For
the next few weeks, as I countdown to the release date for Chocolate Chip
Christmas Wishes and Christmas in the Wylder County Jail (co-written
with Kim Turner) I will be revisiting some of my older stories.
This
week I am talking about my Civil War era time travel, This Moment in Time.
Not
even captivity can sway Southern widow Josette Beaumont from spying for the
Confederacy. Under the nose of the Union
army, she willingly risks her life to pass information to her sources. Until a stranger appears in her bedroom one
day with a cryptic message: stop spying or you'll die. She has no reason to believe his warnings
about the future, but his company is the only solace in her long days of
imprisonment and his friendship quickly comes to mean so much more. If only she could make the sacrifice he asks
of her...
To
hell with history, real estate mogul Jamie D'Alessandro has no intention of
saving the historic mansion he's purchased, even if it is the home of a famous
Confederate spy. But when he steps into
an upstairs bedroom of the old house, time suddenly shifts, bringing him face
to face with a very beautiful and irate Southern lady. Against his will he's drawn into her
cause--to save the Confederacy. But
Jamie has a cause of his own. According
to his research the lady spy has only days to live. Should he change history to save the woman he
loves--or sacrifice life in his own century to be with her for This Moment in
Time?
Publication
date: October 31, 2012
~*~
I am not sure
where the idea for this story came from.
After immersing myself in my first historical story, I was longing for something
a bit “easier” to write, i.e., not as much intensive research.
My mother
was always after me to write a Civil War time travel. Civil War stories are not easy to write. Despite
the built-in conflict that comes naturally with north versus south, you have to
contend with the fact that your hero and heroine will be separated for long
periods of time. After all, he’s off fighting
a war and she isn’t.
At the time those
house flipper shows were very popular, and I began to toy with the idea of a contemporary
hero flipping an old house and discovering that the house—which he fully
intends to destroy, despite assurances to the contrary—had once belong to a
famous Civil War era spy.
But I had
yet to discover my heroine. So I did
what I always do and just started writing the first thing I saw.

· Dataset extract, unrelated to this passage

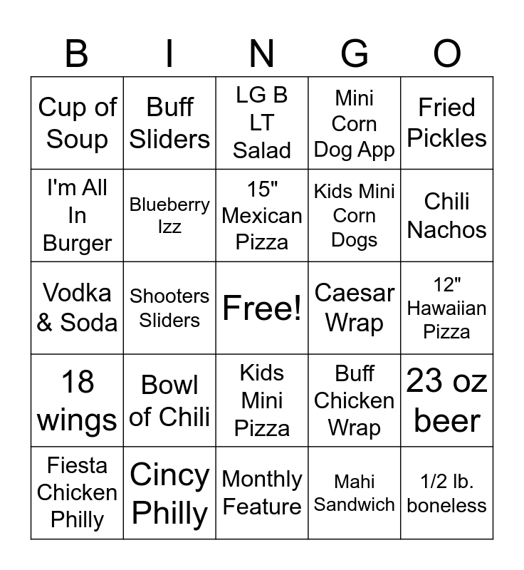 This bingo card has a free space and 24 words: Bowl of Chili, Cincy Philly, 15" Mexican Pizza, Fiesta Chicken Philly, Fried Pickles, Cup of Soup, I'm All In Burger, Buff Sliders, Caesar Wrap, Kids Mini Pizza, Kids Mini Corn Dogs, Vodka & Soda, Buff Chicken Wrap, 23 oz beer, Blueberry Izz, Mahi Sandwich, 12" Hawaiian Pizza, LG BLT Salad, Chili Nachos, Shooters Sliders, 1/2 lb. boneless, 18 wings, Mini Corn Dog App and Monthly Feature.

Jamie, the hero, creeping up the stairs of
the old house because he hears a noise and—not realizing he has just slipped
through a time portal—coming upon the heroine.
At first he thinks she’s a ghost but quickly realizes she can see him.
He soon becomes
entangled in the drama surrounding Josette Beaumont, the heroine. He does enough research to know she will soon
hang for her crimes if he can’t convince her to change her ways.
And then
suddenly, he is no longer able to reach her.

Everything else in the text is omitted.